1) What Online Review Course would you recommend for the SE EXAM - Buildings? I only noticed Kaplan, School of PE and ASCE. If any other available, which do you think is most comprehensive for passing the exam?

2) What study materials (books, codes, etc) would I _really need_ for the Buildings Exam? ( I don't intend to apply for Bridges so I assume I won't be needing the AASHTO 07 code). As I have most of the design codes I imagine I would need to just "fill in the gaps" where my experience is not so extensive.

3) What exam practice problem books would you recommend?

I thank you in advance and look forward for your feed-back.


----------



## Porta John

1. I did not take a review course so I can't speak to how helpful they really are. I think that the good old tried and true method of studying at home is the way to go rather than going to a review course. Thats just my perspective though so take it for what its worth.

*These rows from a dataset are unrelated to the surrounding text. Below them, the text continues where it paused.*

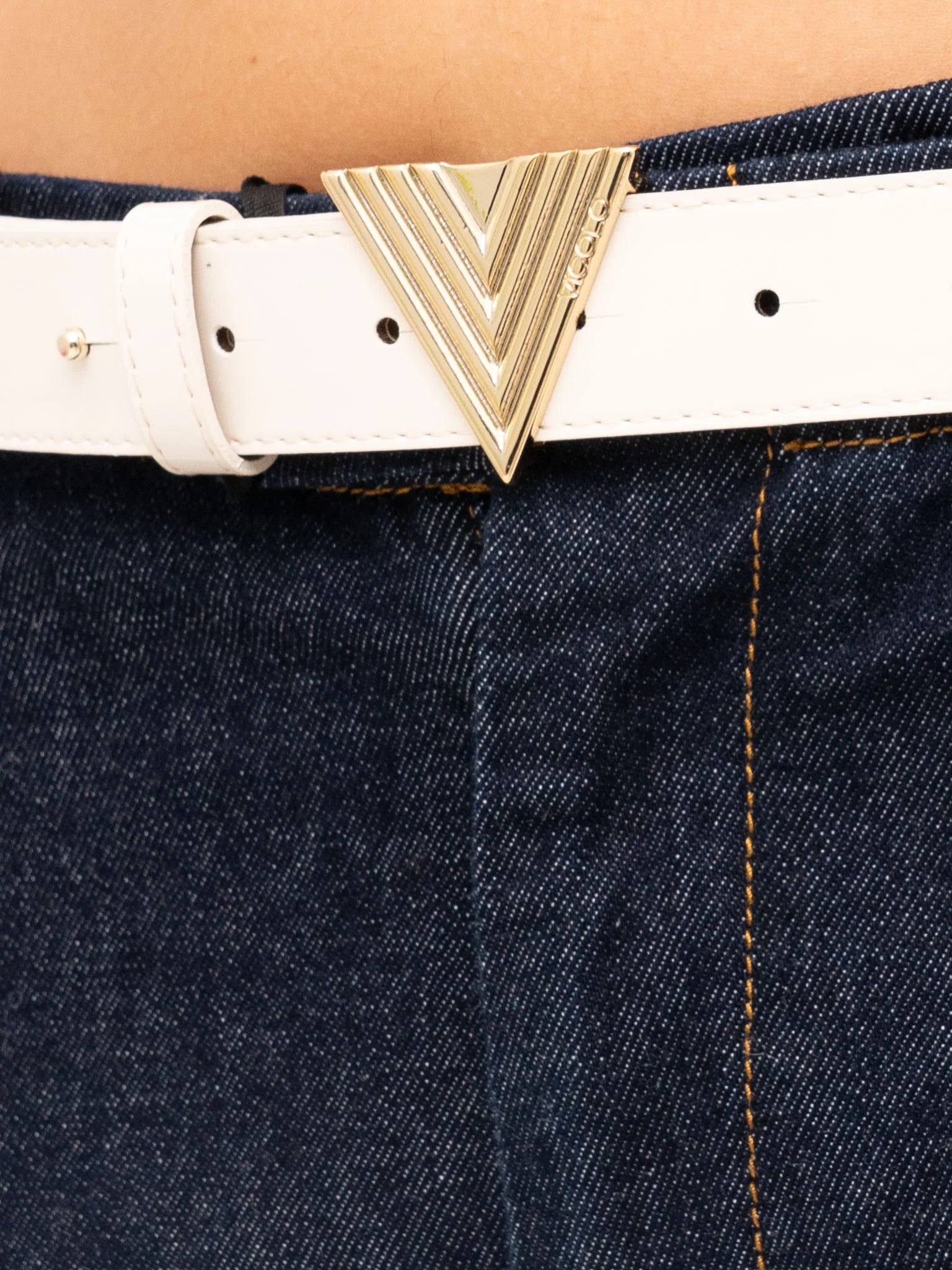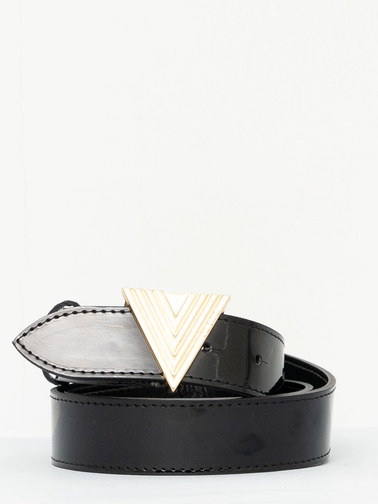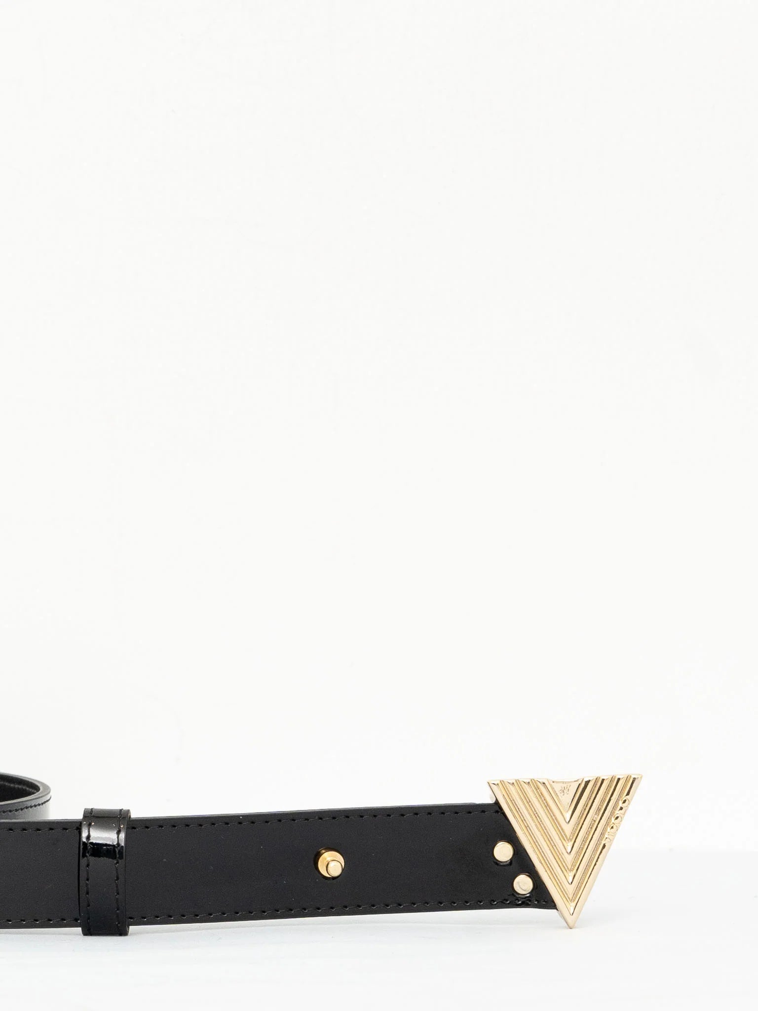 Cintura donna in pelle lucida fibbia logo in metallo dorato
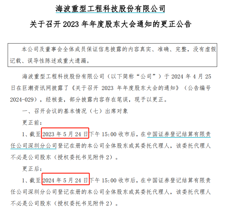 4月25日晚间,海波重科对召开2023年年度股东大会通知一事进行更正,将召开会议的出席对象截至时间由“截至2023年5月24日”更正为“截至2024年5月24日”,时间差了一整年。
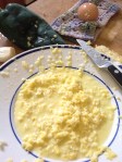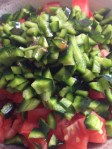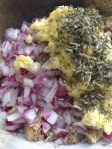 You need bread cubes, corn stripped off the cob and it’s juices, garlic clove minced, pepper (I chopped a Poblano pepper but pick your favorite), tomato, salt to taste and some seasonings (I used some fresh chopped rosemary left over from the night before, cumin and a good pinch of Aleppo pepper; pick your favorites). Then you need some liquid and a little binder. I used 2 eggs, buttermilk and I think about 7 tablespoons of corn flour and 2 tablespoons of oat bran, no sugar in sight. You do see that we’re staying within the a very healthy place right? If you check out TreatNTrick you’ll see how to do it without eggs or milk.
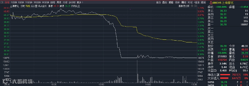 上海家化午后闪崩跌停,报36.28元,成交额为7.96亿元。

2. don't be so quick to dismiss the AASHTO Code,

you will have 10 to 15 questions on the AM to even if you're taking the buildings portion of the exam. Other than that, take a look at NCEES website, as they post which codes you will be needing


----------



## captaincaution

SEAOI offers a great review course that you can take online, but that begins in the fall and goes through the week or two before the April exam date. It focuses mostly on buildings, but also has a few sessions on bridges which was enough to get me through the MC questions on the exam.

Ditto on jkells response to #2. The MC bridge questions can be easy points, but only if you have the code.


----------



## Mark Leyner

I'll provide support for a dissenting opinion against AASHTO. I studied structural engineering in an AE program, so I didn't have any transportation background. I planned and studied to pass the SE based on my responses to building questions only rather than trying to become proficient with a thoroughly unfamiliar code. I also didn't have access to an AASHTO, did not want to buy it specifically for the exam, and did not want to carry it with me to the exam.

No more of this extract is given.